■ WORK ITEM: In the records below, reproduce exactly the lines from the one containing "- Sæde og ryg: Formpresset" through the one containing "V našem penzionu", both included, and omit the pictures.

■ EXERCISE MATERIALS:
Content starts

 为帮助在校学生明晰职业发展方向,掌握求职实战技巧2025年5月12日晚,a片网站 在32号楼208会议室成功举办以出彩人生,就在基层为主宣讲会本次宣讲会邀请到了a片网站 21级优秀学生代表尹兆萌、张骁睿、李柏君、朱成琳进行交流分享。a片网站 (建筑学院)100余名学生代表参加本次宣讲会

Content ends
Content starts

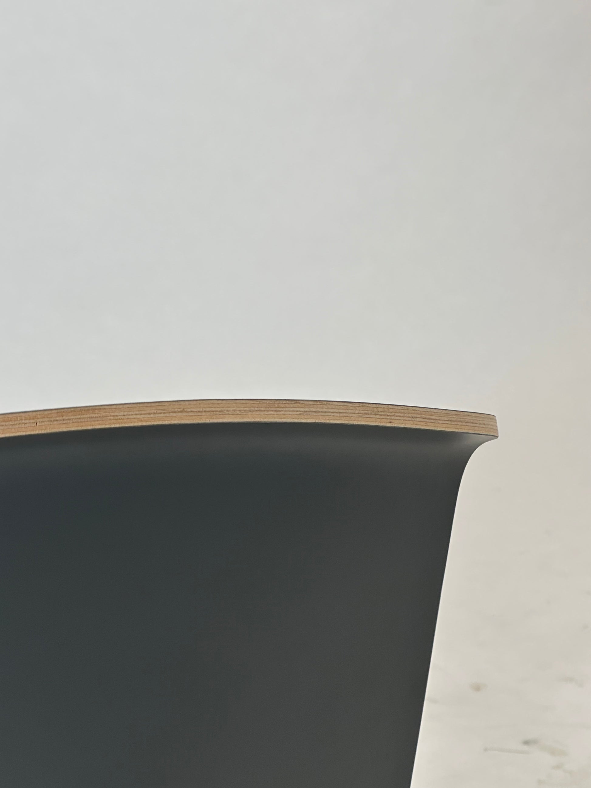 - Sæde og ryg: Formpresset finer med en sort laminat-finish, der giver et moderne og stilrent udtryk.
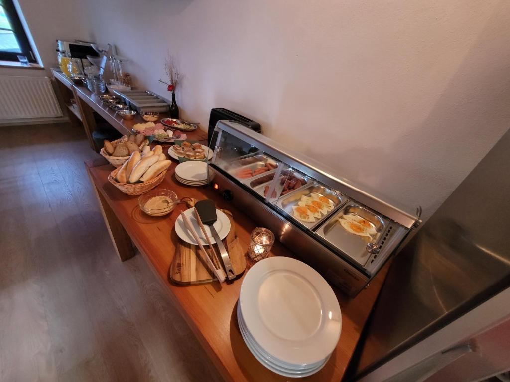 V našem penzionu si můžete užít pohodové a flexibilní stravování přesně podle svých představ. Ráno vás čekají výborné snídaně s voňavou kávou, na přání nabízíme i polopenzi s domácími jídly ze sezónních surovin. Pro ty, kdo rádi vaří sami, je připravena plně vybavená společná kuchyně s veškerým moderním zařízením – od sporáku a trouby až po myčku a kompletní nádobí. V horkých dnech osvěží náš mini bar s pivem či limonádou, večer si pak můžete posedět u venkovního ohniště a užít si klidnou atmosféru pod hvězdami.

Content ends
Content starts

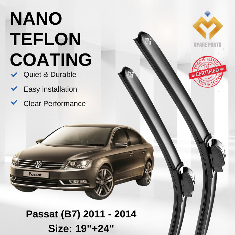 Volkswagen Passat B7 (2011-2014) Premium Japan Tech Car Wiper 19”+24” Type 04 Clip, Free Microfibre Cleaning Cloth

Content ends

■ SOLUTION:
 - Sæde og ryg: Formpresset finer med en sort laminat-finish, der giver et moderne og stilrent udtryk.
 V našem penzionu si můžete užít pohodové a flexibilní stravování přesně podle svých představ. Ráno vás čekají výborné snídaně s voňavou kávou, na přání nabízíme i polopenzi s domácími jídly ze sezónních surovin. Pro ty, kdo rádi vaří sami, je připravena plně vybavená společná kuchyně s veškerým moderním zařízením – od sporáku a trouby až po myčku a kompletní nádobí. V horkých dnech osvěží náš mini bar s pivem či limonádou, večer si pak můžete posedět u venkovního ohniště a užít si klidnou atmosféru pod hvězdami.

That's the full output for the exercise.